I actually do think I remember getting a chargeback once. It was for several hundred dollars, not a few. If I remember correctly, paypal has to refund the card provider, but I called paypal and fought with them long enough that I got a refund from them, since I provided tracking, etc. They took the loss on it.
They don't give you alot of options in terms of clickable buttons. If you would've called them first I'm sure a third option would've been available. I regret my first post but I was unaware they would charge you a fee. Especially without notification ... I apologize for that and if it does not get waived pm me and I'll offer to make you whole for my ignorant bad advice. Sorry about that
I just pasted all of the back/forth e-mail history from Ebay showing the buyer's demands on using another form of shipping, and kept appealing it. I never accepted anything and PayPal just took the money from me. I never agreed to any resolutions. It was the only time I experienced something like that. The next time I had insurance on the item, so when they said it wasn't received - I put it back on the insurance company. PayPal took the money from me, and it took another 6 weeks to recover the insurance - so I was out for a while - but it worked out in the end. Thankfully because whether it was delivered or not - I recovered $700 on a very high value Chinese stamp set. Now I only use the Global Shipping Program. As long as it's delivered and signed for in Kentucky, my responsibility ends. It takes a few painful lessons, especially with international deals.

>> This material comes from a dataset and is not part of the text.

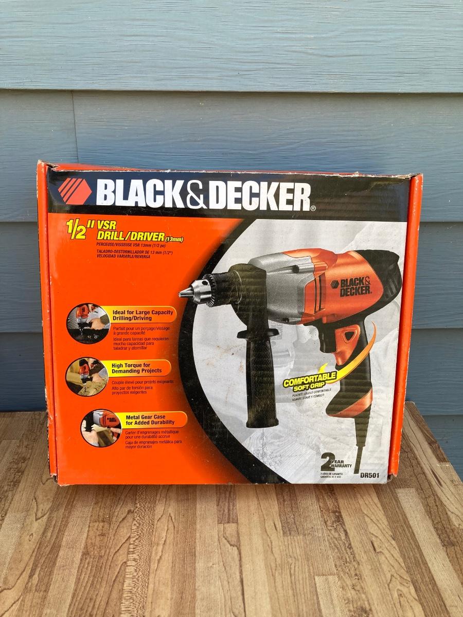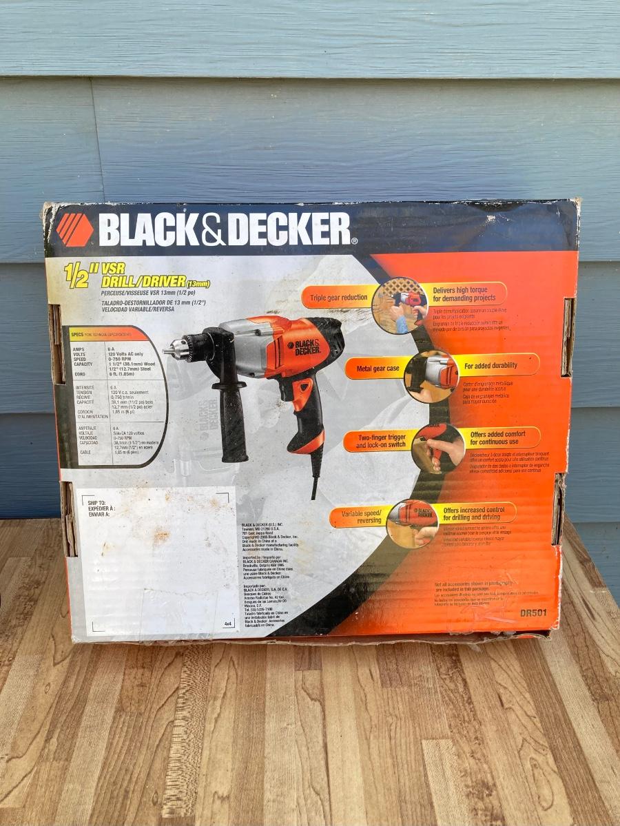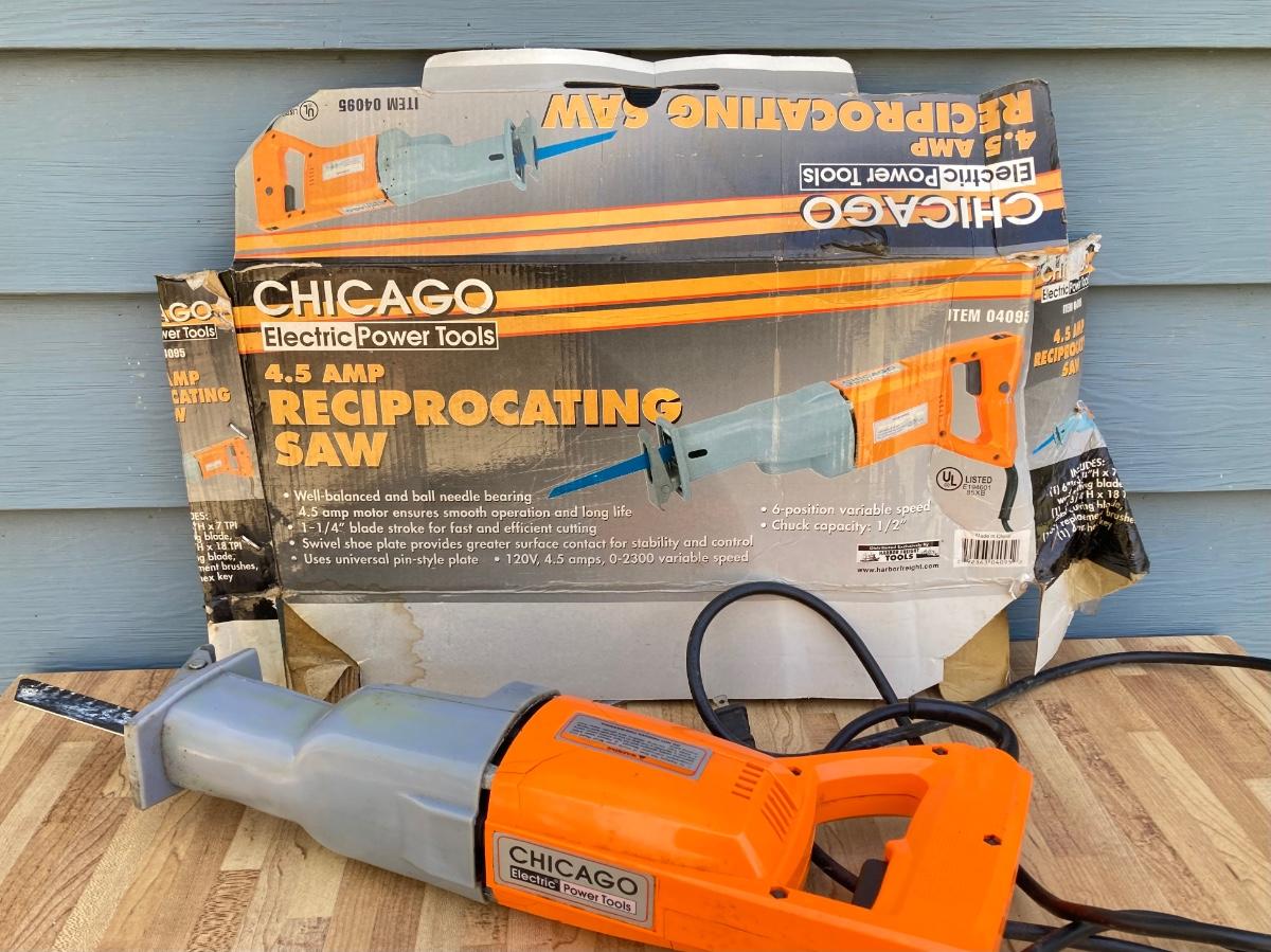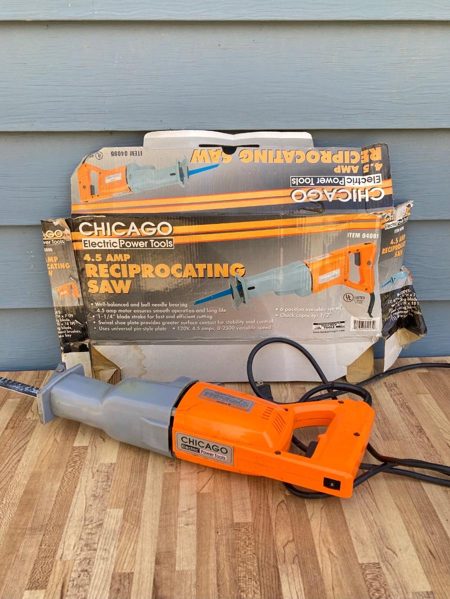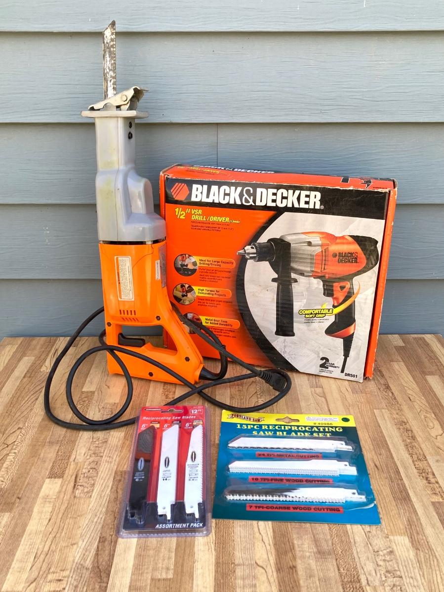 LOT 59G: Black & Decker Drill / Driver DR501 in Original Box, Chicago Reciprocating Saw Item 4095 and Packages of Saw Blades

For you, this may not work because of the dollar values involved. I have learned to base my approach to shipping and insurance based on the value of what I am selling. With my volume, one negative feedback can wreck a year's worth of business. The price of playing with the big boys on Ebay I guess.
I'm not blaming you. I blame Paypal for not explaining the process better and letting me know I would be responsible for extra fees. It sucks to lose the money but I'm not starving. It's just part of doing business unfortunately.
Commendable attitude. Sometimes, our fault or not, life just slaps us and we then move on, with or without a quantity of whining. You're obviously not a whiner.
Weird that a buyer would bother with $2.25 at all. Not worth the hassle. Since you got no tracking there is nothing you can do. I often find myself buying from a local shop for cheap and selling higher. It's addictive once you start. Though I found nearly a dozen "keeper" countries that I will not sell anything from since I began this little side income. So my margin has gotten smaller. Well perhaps I don't do 1 coin sales but you and I doing similar things it sounds like. I just sell slightly more volume of coins per sale and profit is still there. Maybe not everyone uses their vehicle to ship out stuff. I live less than a mile away from my USPS post office, I go on foot. Takes me maybe 7-8 minutes to walk there. Though I usually push not to wait too long after receiving payments so I don't have an accumulation of packages to send out on foot. I do it next morning right when they open. Strange, I know I've gotten a chargeback sometime in 2013 (it was for a $30-40 coin) but I don't remember getting a fee applied to the transaction. For some reason I've only gotten "fees" on my bank account but never my paypal.
I'm a collector first. I only sell coins that I have doubles of, and I usually check the new one against the one in my collection to make sure I keep the best one. I just have trouble leaving good coins behind when I go to the coin shop, but I don't feel compelled to keep doubles.
Well it sounds like self insurance is working out fine for you then. Frankly for low value sellers it probably is a better way to go and long as they know and understand the risks. They really don't have any choice. They are receiving money from the card providers for thousands of sales and the card provider can either simply deduct the chargeback amount from their payment to them, or they can possibly go into Paypals account and simply withdraw it. Third possibility is they can say either remit the amount of the chargeback or we will drop your account. If you are getting millions of dollars daily from say Visa and they tell you they won't process anymore payments unless you refund the chargeback, you're going to refund the chargeback.